Here we show how to compute polygenic risk scores using LDpred2.

This tutorial uses fake data for educational purposes only. Another tutorial using another dataset can be found at https://privefl.github.io/bigsnpr-extdoc/polygenic-scores-pgs.html.

You should also probably look at the code of the paper, particularly at the code to prepare summary statistics (including performing the quality control presented in the Methods section “Quality control of summary statistics” of the paper), at the code to read BGEN files into the data format used by bigsnpr, at the code to prepare LD matrices and at the code to run LDpred2 (genome-wide).

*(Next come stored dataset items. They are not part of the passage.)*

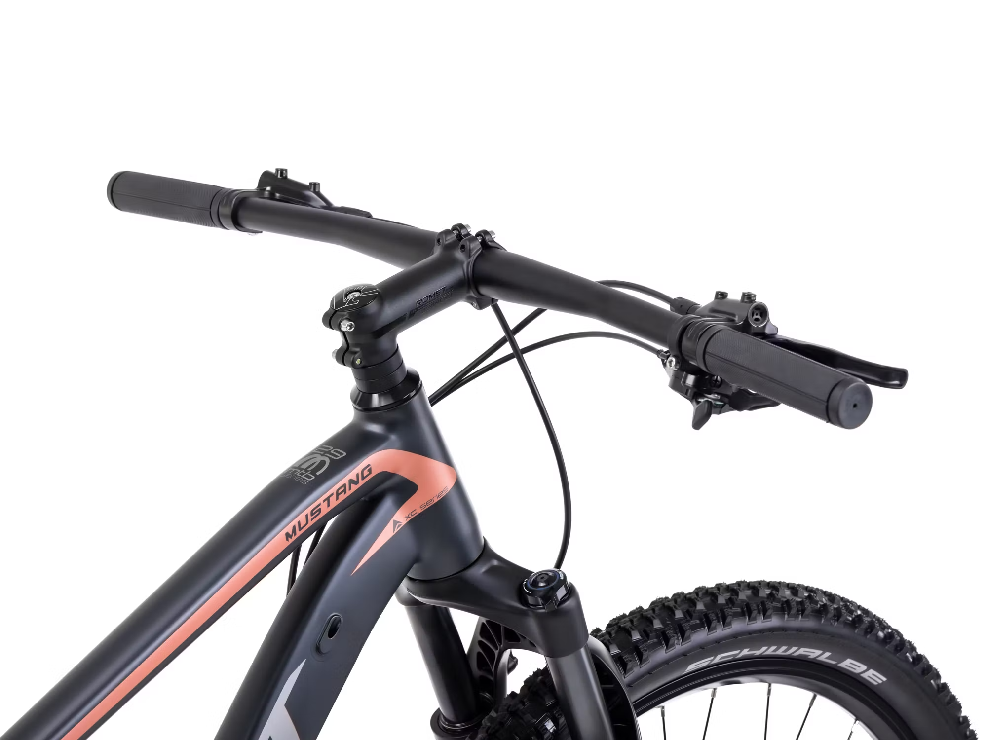 I freni a disco Shimano a doppio pistoncino offrono sicurezza totale, mentre il set di ruote in alluminio con pneumatici Schwalbe assicura stabilità e maneggevolezza anche sui percorsi più tecnici.
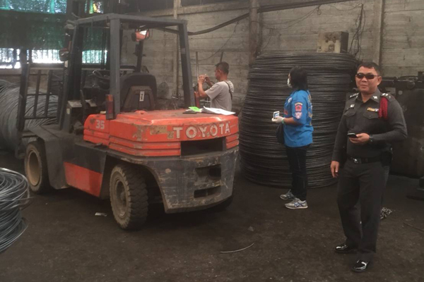 จาการสอบสวน ผู้เห็นเหตุการณ์ พึ่งเป็นคนงานต่างด้าวด้วยกันคือนายไปไป สัญชาติพม่า อายุ 23 ปี เพื่อนร่วมงานผู้เห็นเหตุการณ์ เล่าว่า ช่วงเวลาเกิดเหตุ ขณะผู้ตายทำงานภายในโรงงานตามปกติ กับเพื่อนๆ คนงานคนอื่นๆ ผู้ตายได้ขึ้นขับรถฟอร์คคลิฟท์ ยกเหล็กม้วนชูขึ้นแล้วค้างไว้ ระหว่างที่ยกเหล็กขึ้นไว้นั้น ผู้ตายได้ลงจากที่นั่งขับมายืนข้างตัวรถฟอร์คคลิฟท์ แล้วก้มศีรษะลงไปในช่องระหว่างพวงมาลัย กับ คานยก แต่ขาของผู้ตายได้ไปดันถูกคันโยกทำให้ตัวยกที่มีม้วนเล็กยกคาอยู่ รูดตกลงพื้นอย่างเร็ว บีบทับศีรษะของผู้ตาย กลางความตกใจของเพื่อนคนงานที่เห็น ซึ่งเพื่อนคนงานคนอื่น ได้เข้าช่วยกัน บังคับคันโยก ขึ้นแล้วน้ำล่างของ ผู้ตายออก มานอนที่พื้นแต่พบว่าเสียชีวิตแล้ว
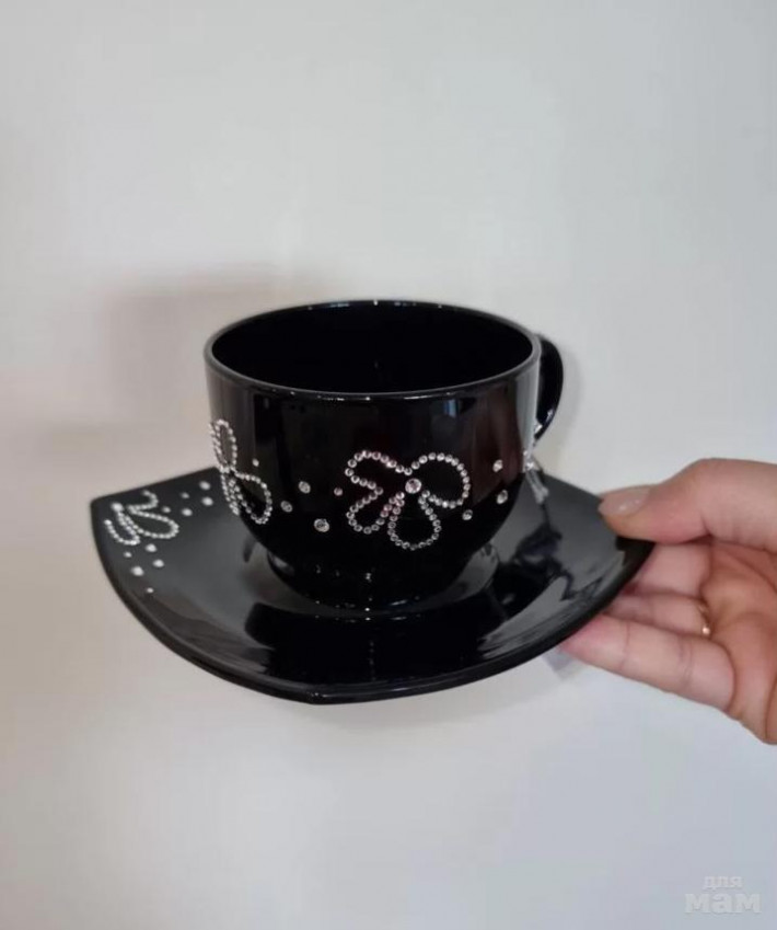 1. Чайная пара (чашка+блюдце в подарочной коробке) Bon Vie со стразами swarovski - 1300 р.

In practice, until we find a better set of variants, we recommend using the HapMap3 variants used in PRS-CS and the LDpred2 papers. If you do not have enough data to use as LD reference (e.g. at least 2000 individuals), we provide an LD reference to be used directly, along with an example script on how to use it at https://doi.org/10.6084/m9.figshare.13034123. Note that before Nov. 16, 2020, there was an error in the conversion of positions between genome builds. Information about these variants can be retrieved with

# $pos is in build GRCh37 / hg19, but we provide positions in 3 other builds 
info <- readRDS(runonce::download_file(
  "https://ndownloader.figshare.com/files/25503788",
  dir = "tmp-data", fname = "map_hm3_ldpred2.rds"))
str(info)
## Classes 'tbl_df', 'tbl' and 'data.frame':    1054330 obs. of  10 variables:
##  $ chr     : int  1 1 1 1 1 1 1 1 1 1 ...
##  $ pos     : int  752721 754182 760912 768448 779322 838555 846808 853954 854250 864938 ...
##  $ a0      : chr  "A" "A" "C" "G" ...
##  $ a1      : chr  "G" "G" "T" "A" ...
##  $ rsid    : chr  "rs3131972" "rs3131969" "rs1048488" "rs12562034" ...
##  $ af_UKBB : num  0.841 0.87 0.84 0.106 0.128 ...
##  $ ld      : num  3.69 3.73 3.69 1.4 3.68 ...
##  $ pos_hg17: int  792584 794045 800775 808311 819185 878418 886671 893817 894113 904801 ...
##  $ pos_hg18: int  742584 744045 750775 758311 769185 828418 836671 843817 844113 854801 ...
##  $ pos_hg38: int  817341 818802 825532 833068 843942 903175 911428 918574 918870 929558 ...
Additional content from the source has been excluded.